### Task item
Please repeat every entry exactly as written, but skip the pictures.
━━━━━ Task material ━━━━━
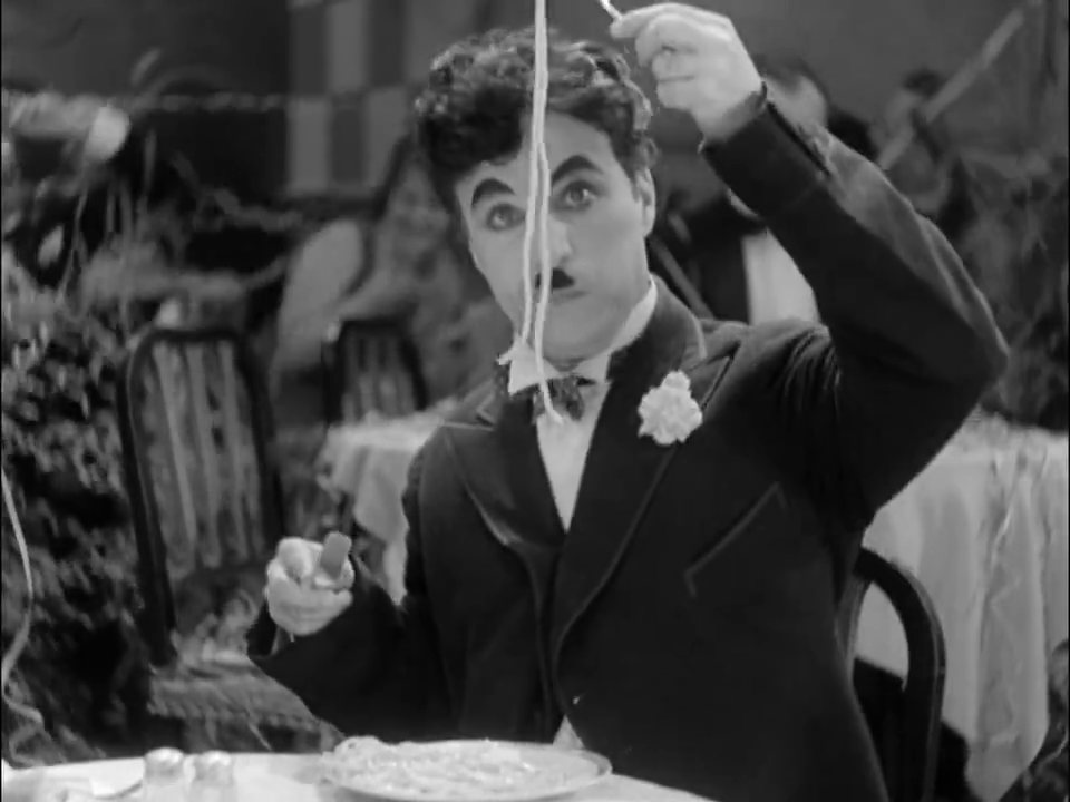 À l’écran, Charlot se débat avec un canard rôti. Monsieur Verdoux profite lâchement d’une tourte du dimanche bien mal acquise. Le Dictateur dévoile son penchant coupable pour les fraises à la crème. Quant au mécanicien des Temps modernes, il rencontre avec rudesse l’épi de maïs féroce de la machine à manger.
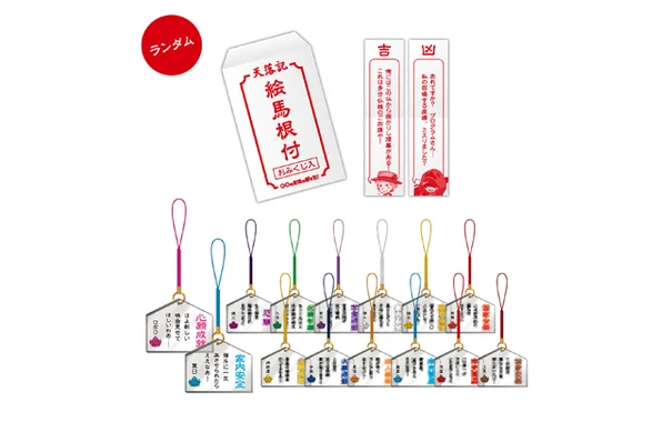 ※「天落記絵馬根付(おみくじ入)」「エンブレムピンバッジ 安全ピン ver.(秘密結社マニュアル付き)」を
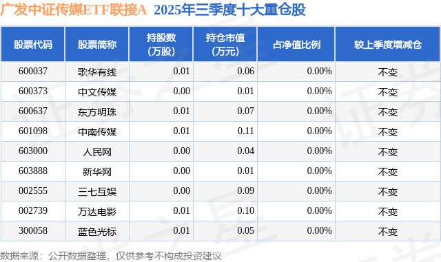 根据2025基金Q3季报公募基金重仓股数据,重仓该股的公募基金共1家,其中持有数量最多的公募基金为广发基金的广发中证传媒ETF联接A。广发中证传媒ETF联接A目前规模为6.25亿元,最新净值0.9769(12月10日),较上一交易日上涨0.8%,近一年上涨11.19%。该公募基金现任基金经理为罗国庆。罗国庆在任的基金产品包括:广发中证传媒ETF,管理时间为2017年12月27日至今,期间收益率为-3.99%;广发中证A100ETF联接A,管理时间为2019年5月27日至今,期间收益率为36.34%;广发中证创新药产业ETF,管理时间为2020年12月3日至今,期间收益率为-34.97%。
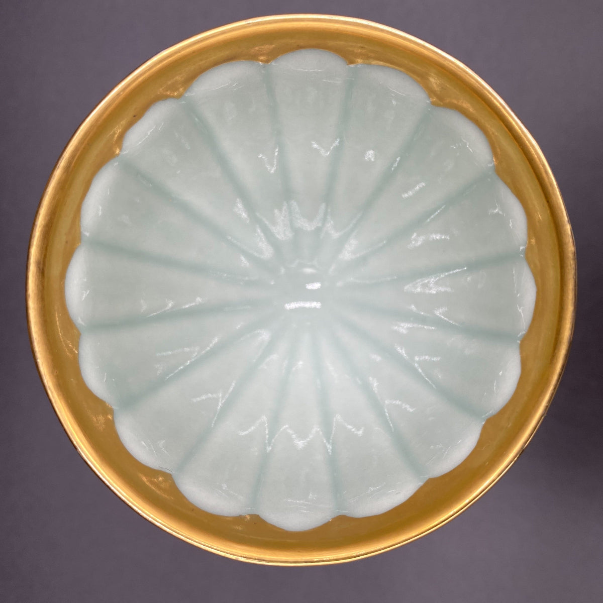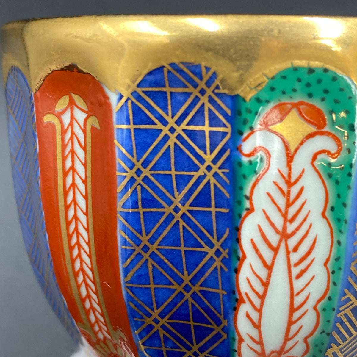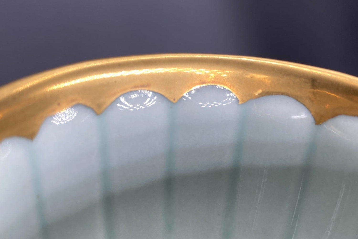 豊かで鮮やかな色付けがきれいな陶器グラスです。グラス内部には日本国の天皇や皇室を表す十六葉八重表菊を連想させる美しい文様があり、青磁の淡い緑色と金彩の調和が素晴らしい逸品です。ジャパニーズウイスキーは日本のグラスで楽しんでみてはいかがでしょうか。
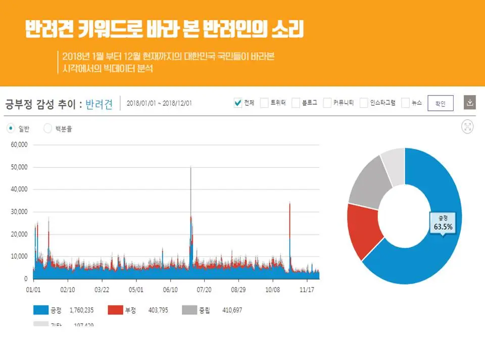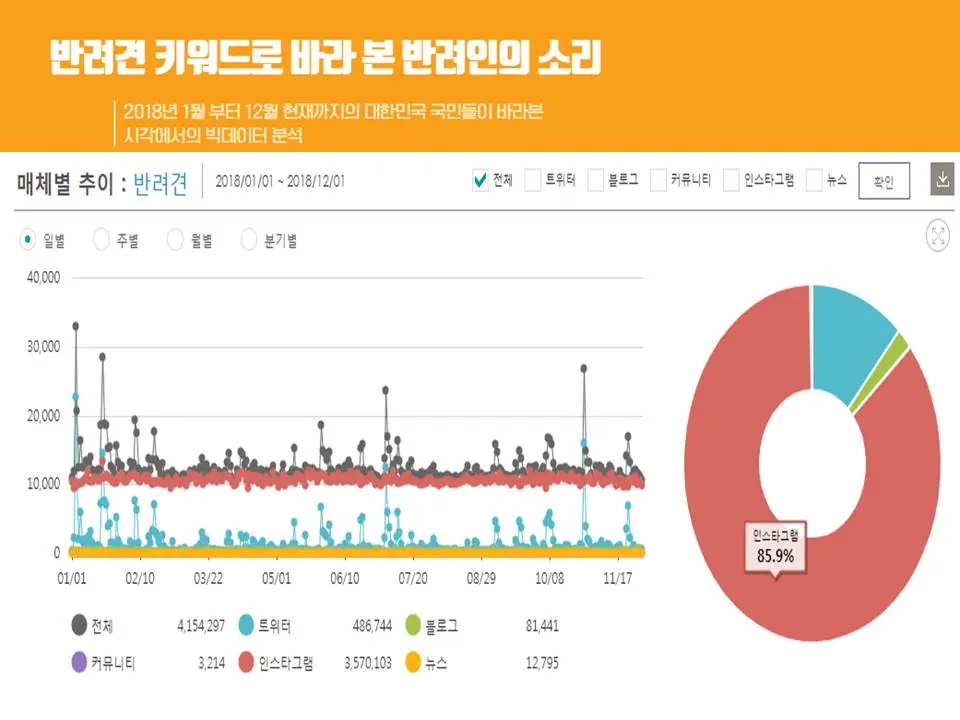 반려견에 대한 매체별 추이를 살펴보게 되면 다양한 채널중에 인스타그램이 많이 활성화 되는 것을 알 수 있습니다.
━━━━━
### Solution to the problem
 À l’écran, Charlot se débat avec un canard rôti. Monsieur Verdoux profite lâchement d’une tourte du dimanche bien mal acquise. Le Dictateur dévoile son penchant coupable pour les fraises à la crème. Quant au mécanicien des Temps modernes, il rencontre avec rudesse l’épi de maïs féroce de la machine à manger.
 ※「天落記絵馬根付(おみくじ入)」「エンブレムピンバッジ 安全ピン ver.(秘密結社マニュアル付き)」を
 根据2025基金Q3季报公募基金重仓股数据,重仓该股的公募基金共1家,其中持有数量最多的公募基金为广发基金的广发中证传媒ETF联接A。广发中证传媒ETF联接A目前规模为6.25亿元,最新净值0.9769(12月10日),较上一交易日上涨0.8%,近一年上涨11.19%。该公募基金现任基金经理为罗国庆。罗国庆在任的基金产品包括:广发中证传媒ETF,管理时间为2017年12月27日至今,期间收益率为-3.99%;广发中证A100ETF联接A,管理时间为2019年5月27日至今,期间收益率为36.34%;广发中证创新药产业ETF,管理时间为2020年12月3日至今,期间收益率为-34.97%。
 豊かで鮮やかな色付けがきれいな陶器グラスです。グラス内部には日本国の天皇や皇室を表す十六葉八重表菊を連想させる美しい文様があり、青磁の淡い緑色と金彩の調和が素晴らしい逸品です。ジャパニーズウイスキーは日本のグラスで楽しんでみてはいかがでしょうか。
 반려견에 대한 매체별 추이를 살펴보게 되면 다양한 채널중에 인스타그램이 많이 활성화 되는 것을 알 수 있습니다.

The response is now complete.